It’s true that artists, and particularly watercolour painters, get more wound up about green than any other colour. Depending on how things are going, I feel this way too – excited one minute and then despairing the next. (But that’s watercolour for you.) These days I spend more time drawing and sketching rather than exclusively painting, so colour mixing isn’t quite the all absorbing preoccupation for me that it once was. But if you want to use colour at all, you do need to spend time getting familiar with the paints you’re using, and that means playing around a bit and finding out what works for you.

Colour mixes sketchbook page

Every now and then I do a page or two of colour mixes in my current sketchbook. If this sounds boring, it’s not – in fact it’s a very relaxing thing to do and since I love doing it I really should do it more often. It somehow manages to be calming and exciting at the same time, and it gets a background understanding of pigments into my head so it makes decisions about mixing much easier and quicker so that everything flows more smoothly. I don’t think it matters much exactly how you do these colour mixing charts – the important thing is just to be methodical and work out a way that feels enjoyable.

Where greens are concerned I like to start with a yellow that makes good mixes, and lately most of the time I use Transparent Yellow (Winsor & Newton). Starting with this and adding just one other pigment at a time in different quantities gives a huge range of mixing possibilities even with a very limited palette (and I never have more than 10 or 12 colours in my tin – mostly I use just 8). The pigments I most often add to yellow are Ultramarine Blue, Phthalo Turquoise, Winsor Green (blue shade), Paynes Grey, and Winsor Violet -Winsor Violet with yellow gives lovely complex neutral tones. Burnt Sienna and Ultramarine are my favourites for greys and neutrals. For really strong neutrals I go for Burnt Umber and Paynes Grey, and for really deep dark greens I sometimes use Burnt Umber and Winsor Blue or Winsor Green. Occasionally instead of Transparent Yellow I use Olive Green as a start and add variously to it – it’s not a green I especially like on it’s own.
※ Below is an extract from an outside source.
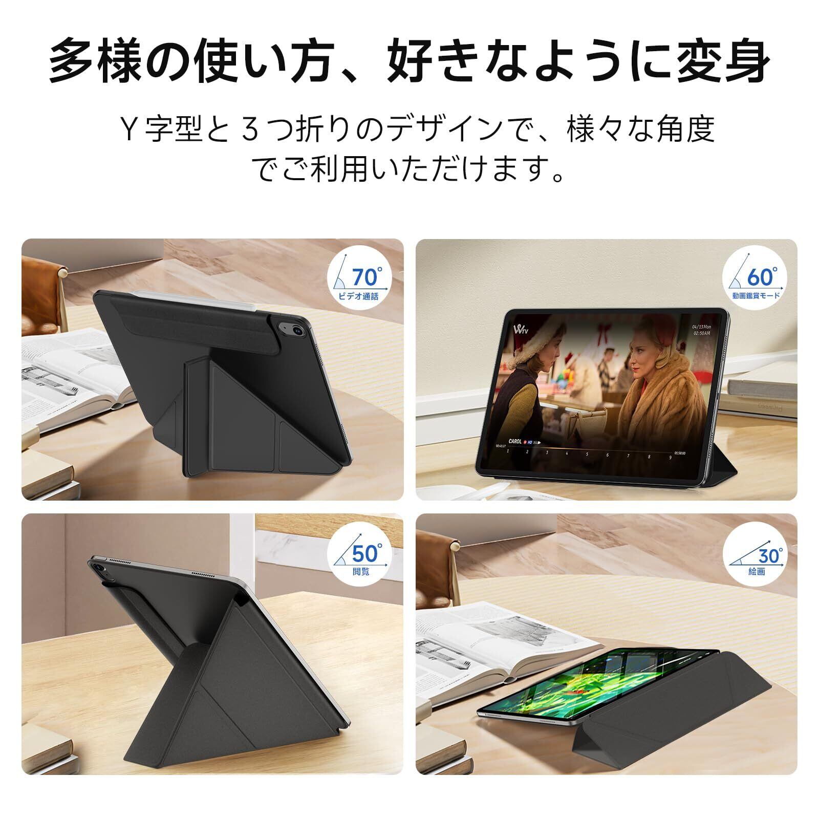 iPad Air 11インチ ケース M2/M3 (2024/2025、第6/7世代)/iPad Air 第5/4世代(2022/2020)/iPad pro 11インチ ケース(2018)専用 横置&縦置 角度調整可能 三角形スタンド 強力マグネット吸着 Pencil対応 極薄 軽量 オートスリープ/ウェイク対応 (ブラック)
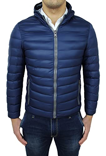 Evoga Piumino uomo Class invernale giubbotto giacca bomber con cappuccio (XXL, Blu Scuro)

Obviously sometimes I mix more than just two pigments – but rarely more than three, and I try to use mostly transparent colours.

Being a transparent medium watercolour relies on transparency for its luminous glow, and some pigments have more of this quality than others. Some are less transparent and some are opaque. So mixing two transparent pigments keeps a colour transparent, and the more you add semi-transparent or opaque pigments, the less luminosity you acheive. If you mix two opaque pigments together you end up with something dull. (Helpfully, all pigments are marked on their manufacturer’s colour charts with symbols that tell you what qualities they have.)

A note of warning – following what colours other people use can be helpful, but everyone has personal preferences and I’ve occasionally made the mistake of buying a slightly unusual colour just because someone else has said it’s a great favourite of theirs, and discovering I really hate it! I’ve found by experience that it’s better to get very familiar with the colours that you have, and then gradually experiment with others. I have a number of pigments that I rarely use but then re-discover, and others that are core essentials that always stay in my tin. As for the tin itself, that’s a whole subject on its own – I have three, in various sizes – but to round up, here’s a list of the pigments I always have available:

Transparent Yellow, Burnt Sienna, Burnt Umber, Paynes Grey, Winsor Violet, Cobalt Blue, Ultramarine Blue, Windsor Green, Permanent Rose, Windsor Red.

Watercolor sketch of Trees in the Beechcliffe Enclosure

Trees on the lower terrace in the Beechcliffe Enclosure, seen from the lower part of the field.*

In my exploration of the perimeter of Cliffe Castle Park I’ve arrived at the Beechcliffe Enclosure. In part 3 I wandered about the Garden of Life on the terrace where Beechcliffe House once stood, and now I’ve been meandering through the lower part of this area, working my way north towards Utley and the corner of the park near the UAK school (the University Academy Keighley).

I thought I knew this area quite well as it’s the part of the park that’s closest to my home, but it’s turning out to be packed full of things I didn’t know about, and I discover more and more every time I go there . (In fact I’m coming to realise that this would be true of any small part of a given location that I chose to concentrate on, and that fact in itself was worth discovering).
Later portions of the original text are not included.